Com a anulação dos votos do PMB, dois vereadores perderam seus mandatos: Buno Secco, que foi eleito pelo partido e atualmente é filiado ao Novo, e Toninho da Farmácia, que havia sido eleito pelo sistema de sobras como membro do PSD e agora está no União Brasil. Para ocupar os lugares deixados pelos vereadores cassados, assumem Matteus Henrique e Dalton Borba, ambos considerados eleitos por quociente partidário.

Matteus Henrique, que conquistou 4.445 votos nas eleições de 2024, fará sua estreia na Câmara Municipal. Por sua vez, Dalton Borba, que recebeu 4.240 votos, já possui experiência, tendo exercido o cargo de vereador em duas legislaturas anteriores: a primeira parcialmente, entre 2019 e 2020, e a segunda de forma integral, de 2021 a 2024, quando era filiado ao PDT.

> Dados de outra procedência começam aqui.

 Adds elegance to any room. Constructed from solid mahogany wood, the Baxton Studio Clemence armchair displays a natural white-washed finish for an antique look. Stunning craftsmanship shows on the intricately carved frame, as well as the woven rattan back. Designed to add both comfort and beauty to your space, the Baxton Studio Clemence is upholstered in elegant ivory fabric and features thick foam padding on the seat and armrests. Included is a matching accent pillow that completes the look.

A oficialização da mudança ocorreu na última quarta-feira, dia 29, quando o Tribunal Regional Eleitoral do Paraná (TRE-PR) reconheceu a fraude à cota de gênero na chapa do PMB e concluiu a retotalização dos votos da eleição. A cerimônia de posse dos novos vereadores está agendada para as 9h, durante a abertura da sessão plenária da Câmara.

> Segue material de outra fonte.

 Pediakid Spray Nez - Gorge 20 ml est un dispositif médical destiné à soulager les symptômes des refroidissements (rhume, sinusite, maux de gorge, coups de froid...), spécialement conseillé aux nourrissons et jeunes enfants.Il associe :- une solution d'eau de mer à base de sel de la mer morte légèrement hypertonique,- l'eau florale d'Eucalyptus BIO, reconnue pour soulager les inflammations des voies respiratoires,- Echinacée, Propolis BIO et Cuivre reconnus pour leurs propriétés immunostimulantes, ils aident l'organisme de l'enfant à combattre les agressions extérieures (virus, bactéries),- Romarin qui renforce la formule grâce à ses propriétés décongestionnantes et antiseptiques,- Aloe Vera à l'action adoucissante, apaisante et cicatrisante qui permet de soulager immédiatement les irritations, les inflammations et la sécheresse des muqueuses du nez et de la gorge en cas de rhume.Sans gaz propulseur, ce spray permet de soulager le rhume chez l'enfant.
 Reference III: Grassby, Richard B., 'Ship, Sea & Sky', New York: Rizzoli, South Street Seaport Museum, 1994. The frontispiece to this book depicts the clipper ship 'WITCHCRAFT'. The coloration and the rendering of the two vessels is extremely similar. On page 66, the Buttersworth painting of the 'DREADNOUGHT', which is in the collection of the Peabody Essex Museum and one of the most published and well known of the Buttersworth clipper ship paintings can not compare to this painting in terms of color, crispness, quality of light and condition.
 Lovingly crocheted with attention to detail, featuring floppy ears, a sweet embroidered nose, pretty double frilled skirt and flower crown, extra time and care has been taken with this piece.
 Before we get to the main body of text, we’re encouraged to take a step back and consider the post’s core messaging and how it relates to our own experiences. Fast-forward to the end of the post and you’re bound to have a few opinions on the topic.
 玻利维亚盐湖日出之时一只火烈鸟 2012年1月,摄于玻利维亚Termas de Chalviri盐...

O mandato atual seguirá até 2028. A impugnação dos votos da chapa do PMB foi motivada por uma denúncia relacionada a uma das candidatas da sigla. A candidata Telma Nogueira enfrentou problemas em sua campanha devido a um erro técnico atribuído ao partido. O número de urna escolhido por Telma foi alterado sem que ela fosse notificada, resultando em confusão entre os eleitores no dia da votação, já que seu número foi registrado para outro candidato, Evandro do Tatuquara.

O TRE-PR concluiu que a responsabilidade pela situação era exclusivamente do partido e decidiu não aplicar pena de inelegibilidade à candidata, que manteve seus direitos políticos, enquanto a chapa do PMB foi cassada.